Not because I didn’t have faith in director Gareth Edwards to deliver a decent product, mind; I personally found 2014’s Godzilla to be a more than bearable film. No, I was apprehensive towards the title because I couldn’t see how the infinitely watchable Star Wars: The Force Awakens could be surpassed when it came to modern Star Wars titles – how could I invest in and care about a set of characters we’d never even heard of? Now, after seeing the film, I’m wondering if I’ll care nearly as much about Rey and the gang as I did this bunch of ragtag heroes.

Yes, you can stop holding your breath: Rogue One: A Star Wars Story is a really, really solid entry into the legendary universe we’ve loved since its inception way back in 1977. Telling the previously touched-upon story of how the rebels acquired the Death Star plans to combat Darth Vader’s iconic warship, Rogue One feels refreshingly different from the typical space opera affair. There’s still the elements that make this feel very much a part of the chronology – the force, Jedi, droids, the Empire – but it’s the delivery of all of these beloved features that makes the film stand above what it potentially could have fallen in to; that being, a forgettable exposition piece that serves to do nothing more than provide backstory.

Instead, what we get is a thrilling journey of redemption and bravery that manages to remain self-contained, and yet feel like it has such far-reaching repercussions. Fans of the saga will know precisely how this film is going to end, and yet that doesn’t detract from the impending sense of doom that casts a menacing shadow over the entire movie. If anything, knowing the conclusion makes matters even more pressing, because the stakes are set so incredibly high and – as any keen observer of mortality will tell you – not everybody is expected to make it out alive in this one. Characters are more expendable than ever before this time around, and that makes every blaster shot and explosion all the more dangerous.

Jyn Erso from Star Wars Rogue One
Source: Endgadget

The perilous state the characters are in wouldn’t matter if we didn’t care for them, but this certainly isn’t the case. Whether it’s the lovable pilot Bodhi Rook (Riz Ahmed), or protagonist Jyn’s (Felicity Jones) suspicious captain companion Cassian Andor (Diego Luna); all of the players on the board feel like real people that have existed long before the movie takes place. Peril feels exactly how it should: perilous. And this is certainly the case when you’ve got a solid villain in the form of Orson Krennic (played excellently by the Australian Ben Mendelsohn) – a leading Empire foe who’s happy to show off the power of his new killer base. Maybe you could even expect to see a few familiar faces dotted here and there, but I won’t spoil that in this review.

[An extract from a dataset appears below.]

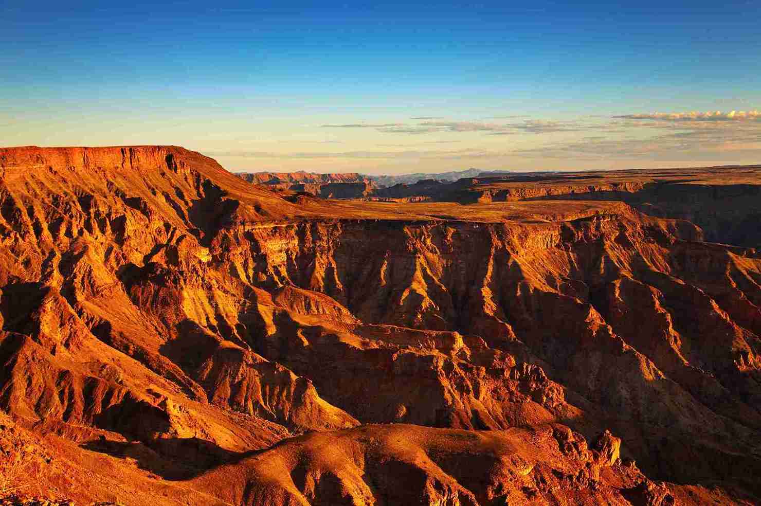 Der einsame Fish River Canyon im Süden ist an Größe und Erhabenheit nur noch vom Grand Canyon übertroffen. Von dort ist es nur ein Katzensprung nach Lüderitze, wo die Geisterstadt Kolmanskop auf Besucher eine große Faszination ausübt. Es boomte während des Goldrausches, wird aber heute teilweise von der vordringenden Wüste zurückerobert.

All this action and chaotic drama is all the more stunning in how Gareth Edwards chooses to show everything; visually, this is one of the most striking Star Wars entries to date – and one of the most gritty. As mentioned, the director’s previous work with Godzilla has allowed him to master the art of scale, and when it’s required, the threats do seem truly insurmountable. Not only this, but there’s also several shots which stand out as genuinely beautiful. One in the trailer for example, which shows the Death Star eclipsing the Sun over the desert planet of Jedha, truly manages to capture the sense of dread that the scene calls for. I’m sure many fans would’ve been happy with a handful of callbacks and some space battles, but so much effort has been put in to make Rogue One a stunning film at parts.

Not only is the movie beautiful at times, but it’s somehow simultaneously coated with a film of dirt and mud that makes everything feel so much more raw than what has came before (or, chronologically speaking, after). In other Star Wars titles, the Stormtroopers would have a certain sheen that made their armour seem impenetrable; here, even they suffer from the horrors of war and have scars to tell the stories. It’s a bold direction to take the series, and one which will hopefully be adopted in future entries or spin-offs.

Rogue One

Despite the arguably more mature tone, there’s still a whole heap of callbacks throughout the 130-minute run time. Whether it’s subtle, nuanced hints towards aspects previously seen, or full-blown cameos that’ll have fans jumping with joy – Rogue One certainly knows its roots. At times, some may find these to be a little too frequent and conclude that it’s arguably pandering, but I’d say that it’s easy to turn a blind eye to all the easter eggs if you’re not familiar with them. It’s truly a movie that gives you more the more you put into it, and as a fan of the series, I was loving every second of it.

Rogue One: A Star Wars Story isn’t quite a flawless film, though – few ever are. The main issues here come with the pacing of the first act, when several new faces are all introduced one after the other. It’s understandable, because we’re witnessing the introductions of many completely unknown figures, but there’s moments at which the movie jumps around so much it’s almost unbearable. Thankfully, this only feels like it happens for maybe the first 30-minutes, and from this point on you can sit back and truly enjoy the meticulous story being woven.